**Task item:**
Restate the listing that follows word for word, without its pictures.

**Data block:**
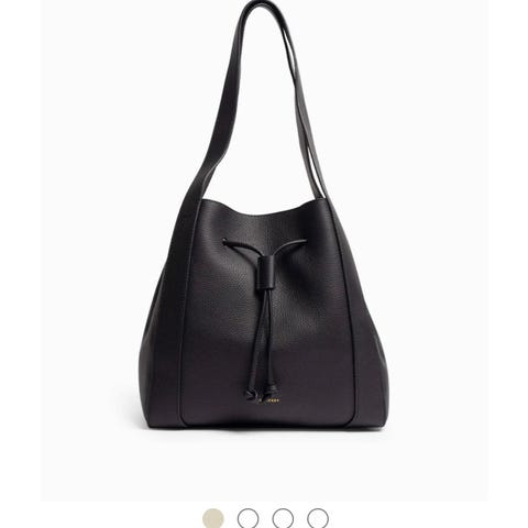 Vesken har to skulderstropper og kommer med en liten, innvendig clutch som er festet til vesken slik at du enkelt kan ha med deg verdisaker.
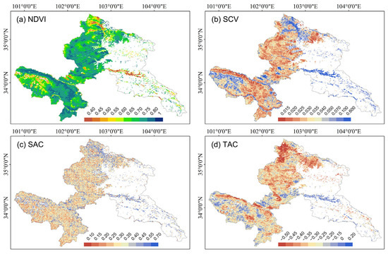 Temporal trends (slope) of NDVI and spatiotemporal indicators of Gannan alpine grassland. (a) NDVI; (b) Spatial variance (SCV); (c) Spatial autocorrelation (SAC); (d) Temporal autocorrelation (TAC). The blank areas are non-grassland areas and areas without sufficient data for calculation.
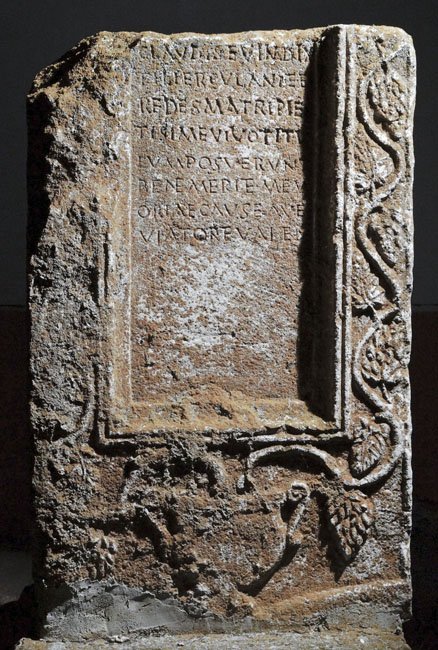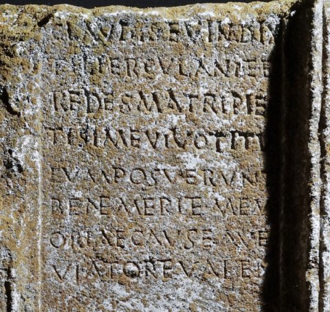 - ---] / Claudi(u)s et Vindix(!) fili (H)erculani et (h)e/redes matri pien/tis(s)im(a)e vivo titu/lum posuerunt / bene merit(a)e mem/oriae caus(a)e ave /viator et vale

**Result for this exercise:**
 Vesken har to skulderstropper og kommer med en liten, innvendig clutch som er festet til vesken slik at du enkelt kan ha med deg verdisaker.
 Temporal trends (slope) of NDVI and spatiotemporal indicators of Gannan alpine grassland. (a) NDVI; (b) Spatial variance (SCV); (c) Spatial autocorrelation (SAC); (d) Temporal autocorrelation (TAC). The blank areas are non-grassland areas and areas without sufficient data for calculation.
 - ---] / Claudi(u)s et Vindix(!) fili (H)erculani et (h)e/redes matri pien/tis(s)im(a)e vivo titu/lum posuerunt / bene merit(a)e mem/oriae caus(a)e ave /viator et vale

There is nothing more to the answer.